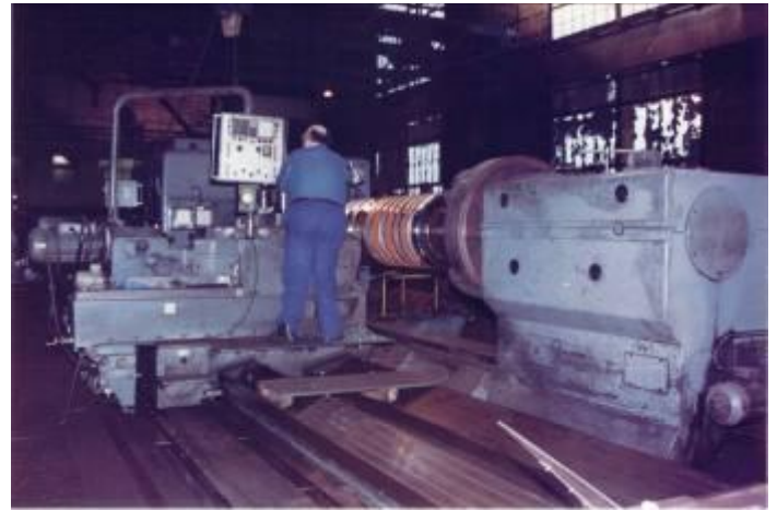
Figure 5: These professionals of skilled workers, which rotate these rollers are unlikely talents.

...

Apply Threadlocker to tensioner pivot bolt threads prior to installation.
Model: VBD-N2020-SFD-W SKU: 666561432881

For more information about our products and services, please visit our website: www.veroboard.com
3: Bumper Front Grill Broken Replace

(Try it)
Take the lines above from the one containing "Model: VBD-N2020-SFD-W SKU: 666561432881" to the one containing "3: Bumper Front Grill Broken Replace" and retype them exactly, both ends included, with nothing added.

(Expected answer)
Model: VBD-N2020-SFD-W SKU: 666561432881

For more information about our products and services, please visit our website: www.veroboard.com
3: Bumper Front Grill Broken Replace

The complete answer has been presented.